Итак, история. На втором уроке XX съезд. Пуцато: «О культе говорить только то, что я, ни слова больше, боже упаси вас. И ни в коем случае не по учебникам до 68 года». Как всё это мерзко, бр! Кончается разговор остротами о Хрущеве, о совнархозах, о стиральных машинах и телевизорах. А ведь и перед Пуцато я «лебезю»! Жаль его как-то.

Химия. Я едва не зажариваюсь на солнцепеке. Киинунен опять подскользнулся и загремел. Я жарюсь и жарюсь в дремоте.

Вчера мне было грустно, я понял, что я не поэт. Мне не хочется писать. Поэт – это тот, который не может не писать. Я и не писатель.

Я подошёл к окну. Солнечная прохлада с голубым небом. Где-то стрекочет трактор, это здорово. Птички чирикают.

Этот день пошёл под знаком предвкушением майского Сыктывкара. Эх, просто удивительно хорошо становится на душе. Сыктывкар!

Некоторое время сижу дома. Коля и Максимов начинают бросать иголку. Я прошу у Максимова Проскурякова в класс, где им могут воспользоваться люди. Но этот товарищ не желает отдавать, и мерзко-мерзко с чувством своей правоты говорит: «Тебе придётся здесь попользоваться, я в класс не дам». Ну и злоба же кидается в мою голову. Я ухожу. «И после этого этот товарищ стонет о том, что нет даже дружбы», – думаю. Меня терзает непереносимое отвращение. Хочется освободиться, и я думаю: «А сам я всегда ли делаю хорошо?»

Решаю задачки, которые ужасно не хочется решать. Тоскливо. Золотовицкий мгновенно решает одну задачу, над которой я долго бился. Мгновенно вспыхивает лёгкая злость к нему – именно про это неприятие другого сознания говорил Лысенко. Потом всё сменяется тоской: я не имею права идти в науку. Так можно всю жизнь пробиться над проблемой, не замечая решения, лежащего под боком. Воображение тут же подсовывает картинку: я плачу, прочитав решение, над которым долгие годы, в какой-то газетёнке. Это ужас.

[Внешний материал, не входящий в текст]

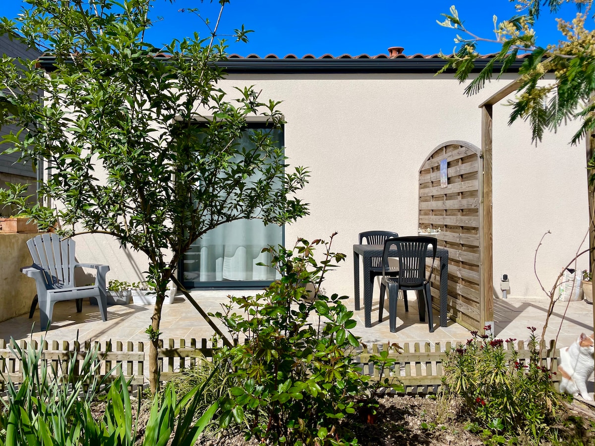 situado a 20 minutos de Le Puy du Fou en un ambiente verde y tranquilo despertado por los pájaros pequeños🐦 se puede disfrutar del jardín accesible terraza mesa para cenar o desayunar. Habitación privada con entrada independiente con su baño y aseo separados reservados solo para los viajeros también accesible por un ascensor para personas con movilidad reducida.. así como un aparcamiento seguro con el cierre de un portal.

До одиннадцати ещё читаю историю, потом идем с Юркой, выгнанные Абрамовым, домой. Юрка: «Что самое сильное?». Я: «Кит». Юрка: «Нет, темнота».

Дома в разговор включаются Золотовицкий и Венков, переходим с «кита» на кашалоты -> далее кальмар -> реактивное движение -> медуза -> студень -> изготовление студня -> что-такое студень -> высокомолекулярные соединения -> цена полиэтилена -> цена железа -> точка плавления высокомолекулярных соединений –> что такое плавление. Коля совершено неправильно говорит и грубит Золотовицкому, орёт, бесится. Наконец все успокаиваются, становится тихо.

Девятое апреля. Пятница.

Сажусь и натягиваю носки (из них – клубы пыли). Пытаюсь взять конспект у Шурика по Брежневу, у него нет. Из Колиного конспекта заношу в свой только «Помощь Вьетнаму». Думаю – о «подходящей форме вопроса». Формально можно не соврать, соврав фактически. Я думаю – есть ли у этого оправдание? Оказывается, это тоже враньё, трусость.

История. 2 урока. XXI и XXII съезды. Пуцато хихикает над семилетним планом, о 62 годе (обострение), об Орловской области, о проезде Хрущёва. В конце начинает болтать о китайском вооружении, о противоракетной обороне.

Алгебра. 2 урока. Абрамов. Решаем задачки лёгонькие. На перемене кефир и пять минут улицы. Жуём с Золотовицким травку, пробившуюся сквозь ковер гнилого снега. Ребята кидают камни в сарай (хибару).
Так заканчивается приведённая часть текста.